**Your instructions**
Write out the line that holds "得麗瓏12/17/19/15寸嵌入式工控一體機" together with every line that follows it to the end of the material below, exactly. Omit the pictures.

═══ Source material

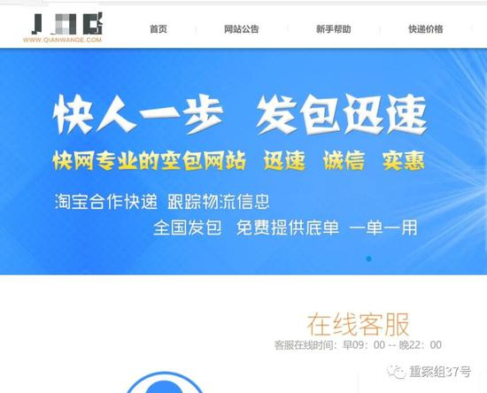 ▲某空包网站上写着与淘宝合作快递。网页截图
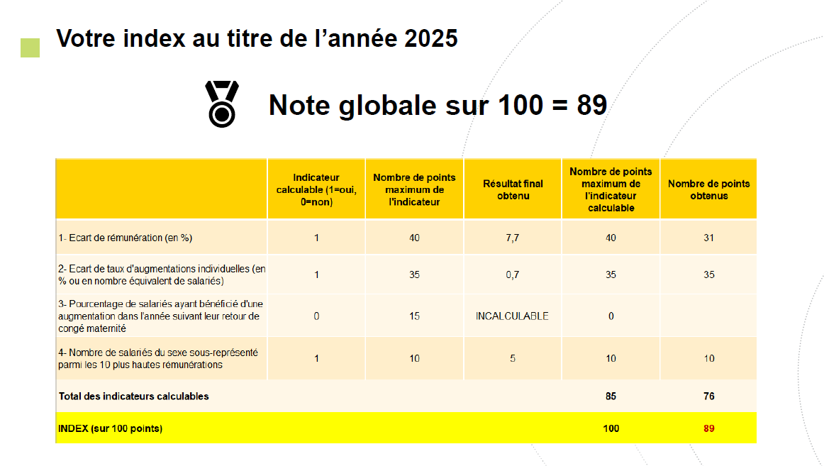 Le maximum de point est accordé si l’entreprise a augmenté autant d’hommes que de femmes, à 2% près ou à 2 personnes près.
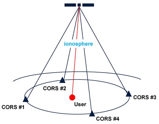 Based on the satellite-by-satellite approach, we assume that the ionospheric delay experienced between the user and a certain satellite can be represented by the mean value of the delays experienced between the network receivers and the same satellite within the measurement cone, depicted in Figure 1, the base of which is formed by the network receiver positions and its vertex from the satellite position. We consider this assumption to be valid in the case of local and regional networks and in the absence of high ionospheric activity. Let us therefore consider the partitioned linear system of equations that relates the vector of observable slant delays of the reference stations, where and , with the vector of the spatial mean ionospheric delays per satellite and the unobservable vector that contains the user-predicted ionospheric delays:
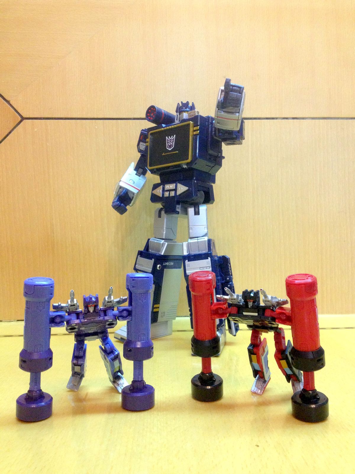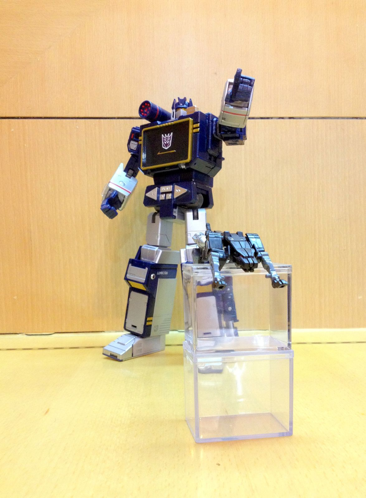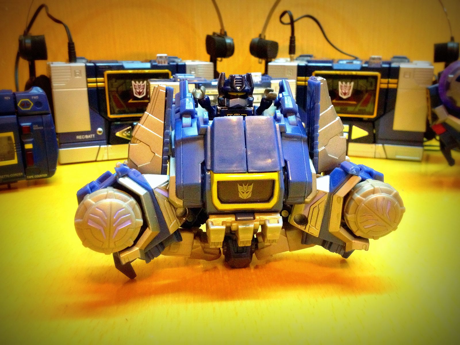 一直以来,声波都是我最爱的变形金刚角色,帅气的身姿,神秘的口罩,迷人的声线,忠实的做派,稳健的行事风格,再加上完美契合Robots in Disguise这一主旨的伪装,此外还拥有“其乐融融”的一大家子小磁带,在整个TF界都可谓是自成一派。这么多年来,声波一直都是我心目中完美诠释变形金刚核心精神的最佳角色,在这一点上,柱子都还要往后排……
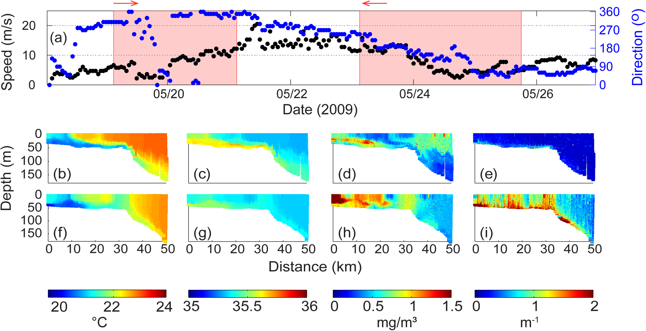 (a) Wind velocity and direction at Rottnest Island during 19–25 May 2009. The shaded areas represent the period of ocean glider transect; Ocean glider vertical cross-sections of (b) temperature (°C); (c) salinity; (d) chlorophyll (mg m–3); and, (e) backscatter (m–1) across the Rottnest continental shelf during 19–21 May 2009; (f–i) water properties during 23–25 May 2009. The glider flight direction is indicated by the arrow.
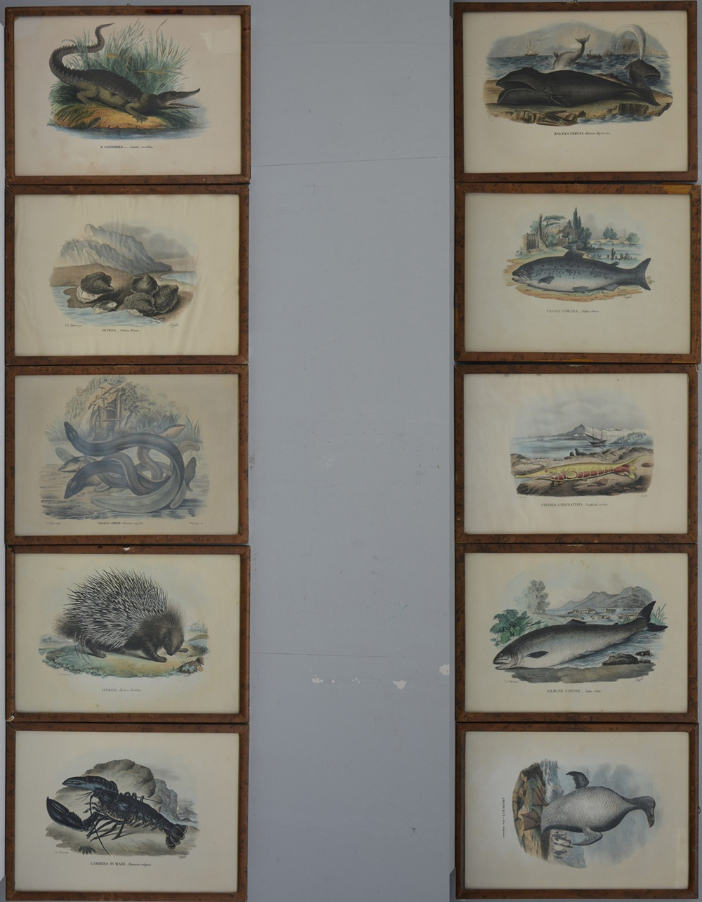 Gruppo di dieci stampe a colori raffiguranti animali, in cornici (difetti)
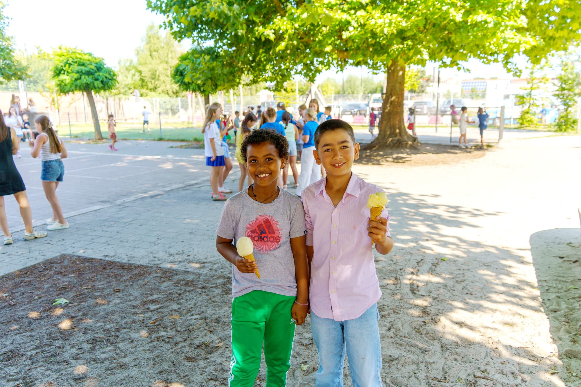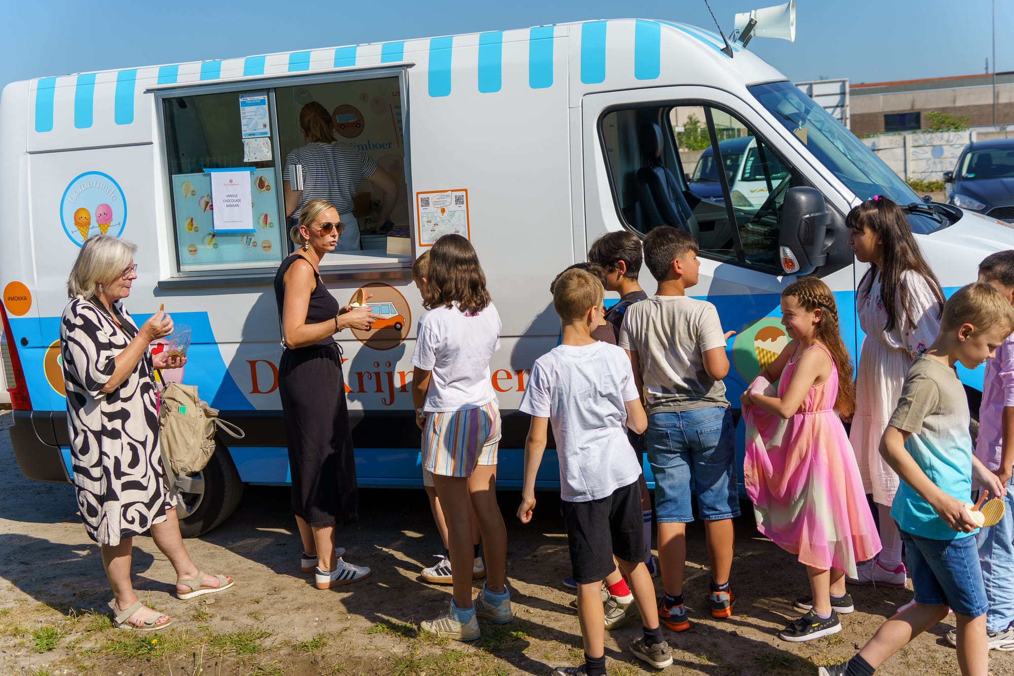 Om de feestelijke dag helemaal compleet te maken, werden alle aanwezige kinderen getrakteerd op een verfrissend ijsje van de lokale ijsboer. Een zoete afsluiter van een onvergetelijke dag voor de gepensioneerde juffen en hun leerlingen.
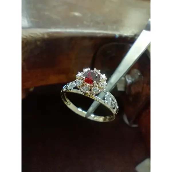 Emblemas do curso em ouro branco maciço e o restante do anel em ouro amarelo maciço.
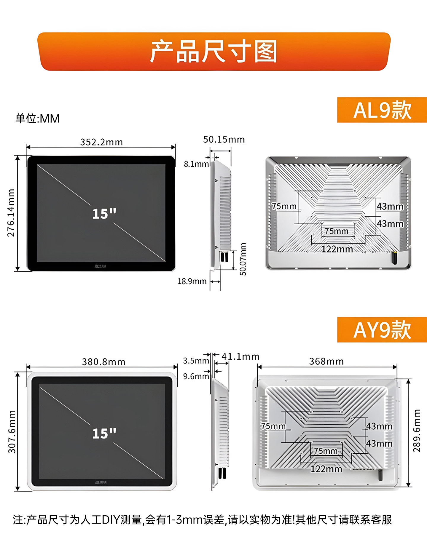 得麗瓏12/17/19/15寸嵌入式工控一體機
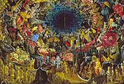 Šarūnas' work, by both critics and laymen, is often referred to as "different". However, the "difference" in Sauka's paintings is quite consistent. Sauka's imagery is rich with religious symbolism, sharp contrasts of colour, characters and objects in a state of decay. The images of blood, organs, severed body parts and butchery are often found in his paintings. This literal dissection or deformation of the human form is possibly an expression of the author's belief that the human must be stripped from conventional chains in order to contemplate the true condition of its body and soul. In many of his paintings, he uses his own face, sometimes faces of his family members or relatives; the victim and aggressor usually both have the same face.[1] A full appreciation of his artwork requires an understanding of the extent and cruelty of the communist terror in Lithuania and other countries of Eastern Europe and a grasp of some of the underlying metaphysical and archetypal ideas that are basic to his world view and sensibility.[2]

══════

**Reply**
 得麗瓏12/17/19/15寸嵌入式工控一體機
 Šarūnas' work, by both critics and laymen, is often referred to as "different". However, the "difference" in Sauka's paintings is quite consistent. Sauka's imagery is rich with religious symbolism, sharp contrasts of colour, characters and objects in a state of decay. The images of blood, organs, severed body parts and butchery are often found in his paintings. This literal dissection or deformation of the human form is possibly an expression of the author's belief that the human must be stripped from conventional chains in order to contemplate the true condition of its body and soul. In many of his paintings, he uses his own face, sometimes faces of his family members or relatives; the victim and aggressor usually both have the same face.[1] A full appreciation of his artwork requires an understanding of the extent and cruelty of the communist terror in Lithuania and other countries of Eastern Europe and a grasp of some of the underlying metaphysical and archetypal ideas that are basic to his world view and sensibility.[2]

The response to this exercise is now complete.